In an age of rapid AI prototyping, it's easy to jump to solutions without deeply understanding the problem. The act of writing a spec forces product managers to clarify their thinking and structure context. Writing is how PMs "refactor their thoughts" and avoid overfitting to a partially-baked solution.

In AI, low prototyping costs and customer uncertainty make the traditional research-first PM model obsolete. The new approach is to build a prototype quickly, show it to customers to discover possibilities, and then iterate based on their reactions, effectively building the solution before the problem is fully defined.
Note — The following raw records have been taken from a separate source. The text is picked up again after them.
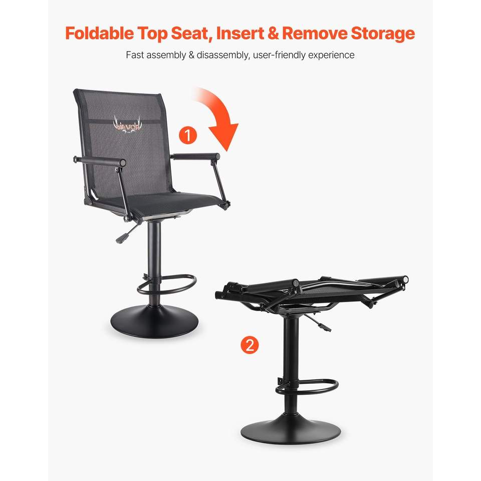 Sedia da Caccia Girevole a 360 Gradi Silenziosa e Leggera con Braccioli Imbottiti, Telaio in Acciaio Resistente, Sedile da Terra per Capanni di Caccia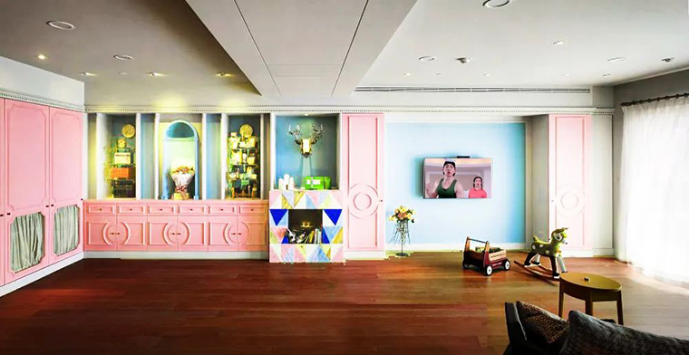 甜美的粉色櫥柜與相鄰的明亮藍(lán)色電視背景墻形成了美妙的色彩沖突,這是一個(gè)年輕的色調(diào)搭配,也是一種情感色彩的組合,感覺(jué)就像一個(gè)快樂(lè)的擁抱,木地板被用于整個(gè)室內(nèi),建立額外的紋理感。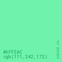 Цвет #6FF2AC в цветовой модели RGB обозначается тремя октетами (111, 242, 172) в десятичном формате и #6FF2AC в шестнадцатиричном (hex) формате, которые являются интенсивностью красного 111 (hex 6F), интенсивность зелёного 242 (hex F2) и интенсивность синего 172 (hex AC).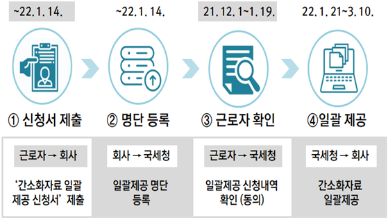 간소화자료 일괄제공 서비스를 이용하려면 회사에서 근로자의 신청을 받아 2022년 1월 14일까지 홈택스에 등록하여야 합니다.
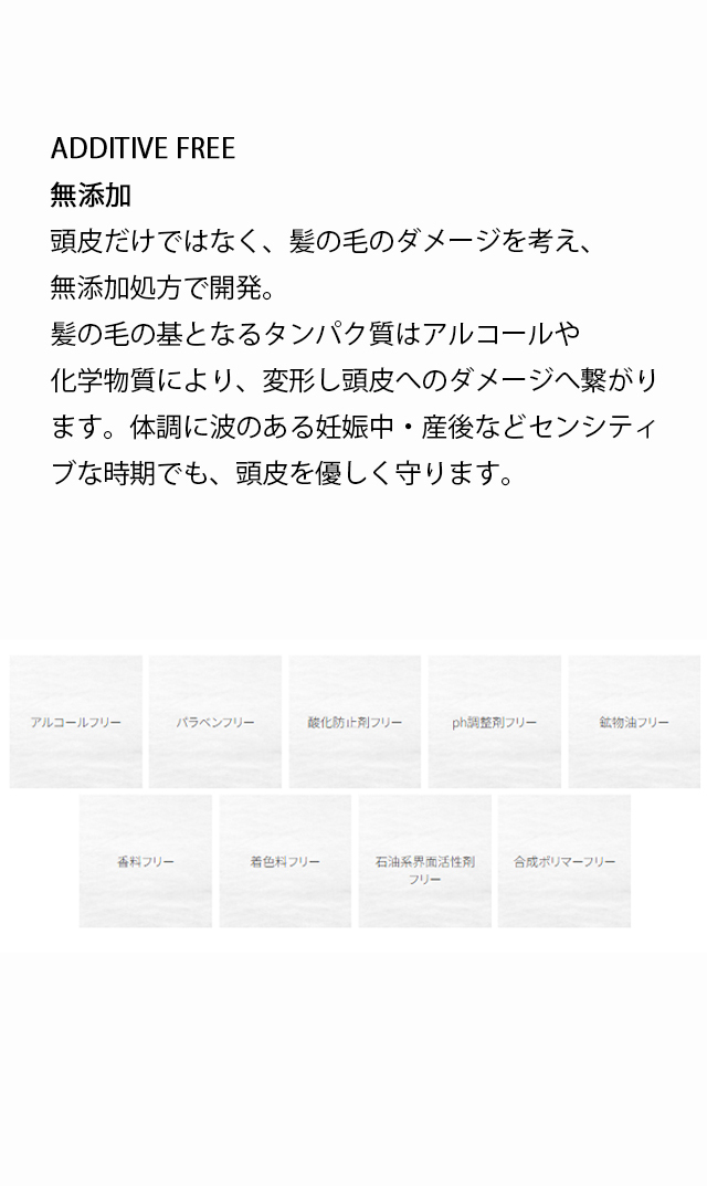 また、頭皮だけではなく、髪の毛のダメージを考え、無添加処方なので、 髪の毛の基となるタンパク質はアルコールや化学物質により、変形し頭皮へのダメージへ繋がります。体調に波のある妊娠中・産後などセンシティブな時期でも、頭皮を優しく守ります。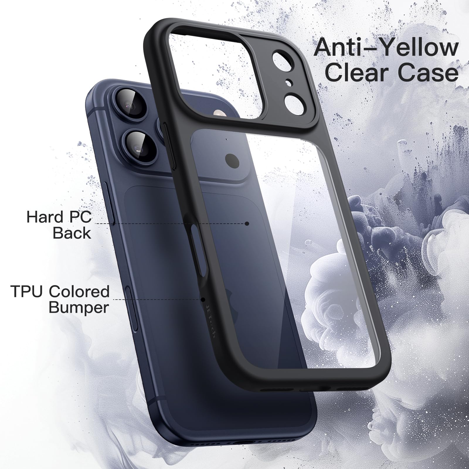 JETech Case for iPhone 17 Pro Max 6.9-Inch, Shockproof Phone Bumper Cover, Solid Color Matte TPU Frame, Anti-Scratch Clear Back

Product Requirement Documents (PRDs) are often written and then ignored. AI-generated prototypes change this dynamic by serving as powerful internal communication tools. Putting an interactive model in front of engineering and design teams sparks better, more tangible conversations and ideas than a flat document ever could.

Instead of just asking an AI to write a PRD, first provide it with a "Socratic questioning" template. The LLM will then act as a thinking partner, asking challenging, open-ended questions about the problem and solution. This upfront thinking process results in a significantly more robust final document.
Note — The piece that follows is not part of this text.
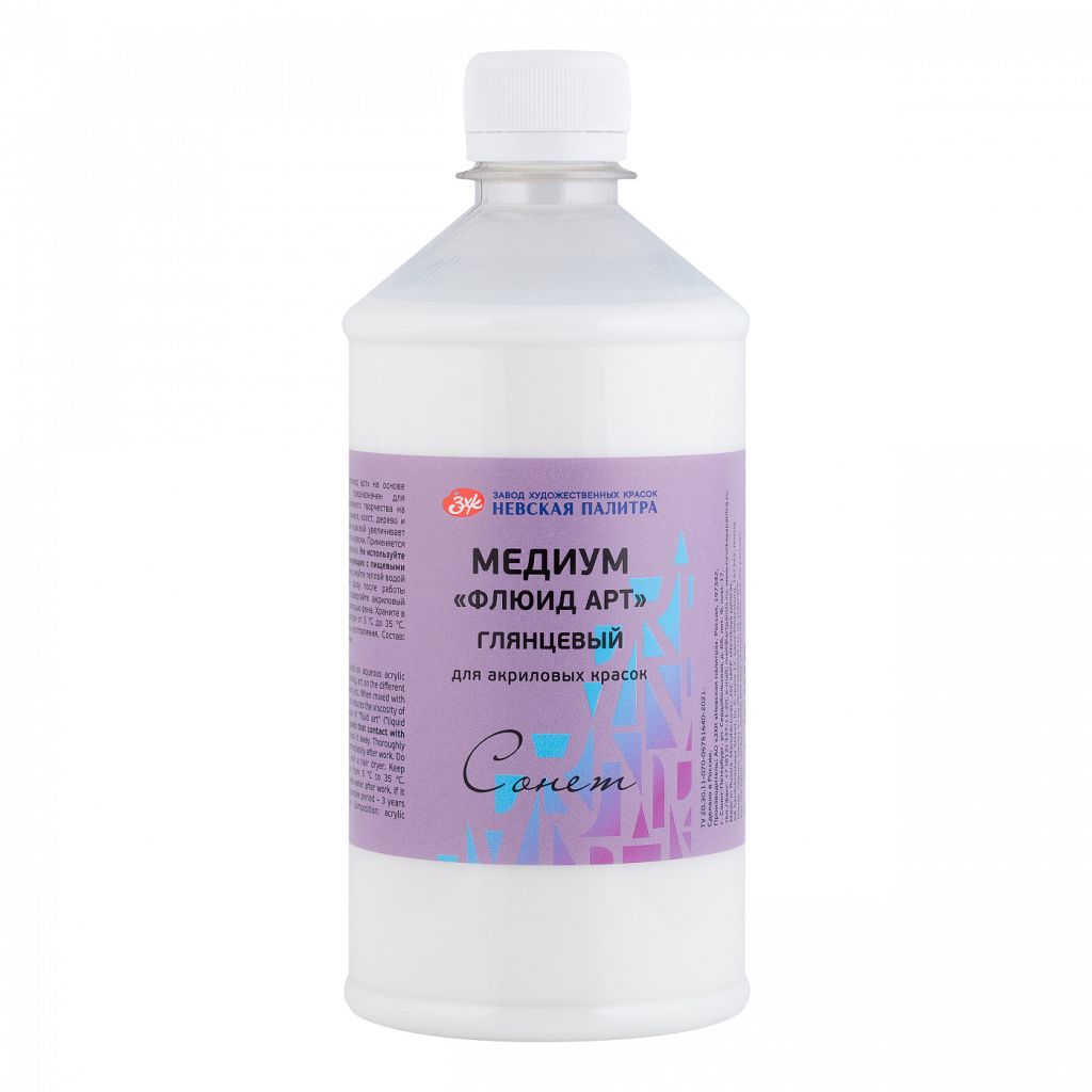Медиум акриловый глянцевый «Флюид арт» на основе водной акриловой дисперсии предназначен для художественных работ и декоративного творчества на различных материалах, таких как бумага, холст, дерево и т.д. При смешивании с акриловой краской увеличивает уровень глянца и уменьшает вязкость краски. Применяется в технике «флюид арт» («жидкий акрил»).

A powerful but unintuitive AI development pattern is to give a model a vague goal and let it attempt a full implementation. This "throwaway" draft, with its mistakes and unexpected choices, provides crucial insights for writing a much more accurate plan for the final version.

Instead of writing detailed Product Requirement Documents (PRDs), use a brief prompt with an AI tool like Vercel's v0. The generated prototype immediately reveals gaps and unstated assumptions in your thinking, allowing you to refine requirements based on the AI's 'misinterpretations' before creating a clearer final spec.

Instead of writing a traditional spec, the product team at Yelp starts by writing an ideal sample conversation between a user and the AI assistant. This "golden conversation" serves as the primary artifact to work backward from, defining the desired user experience before any technical requirements.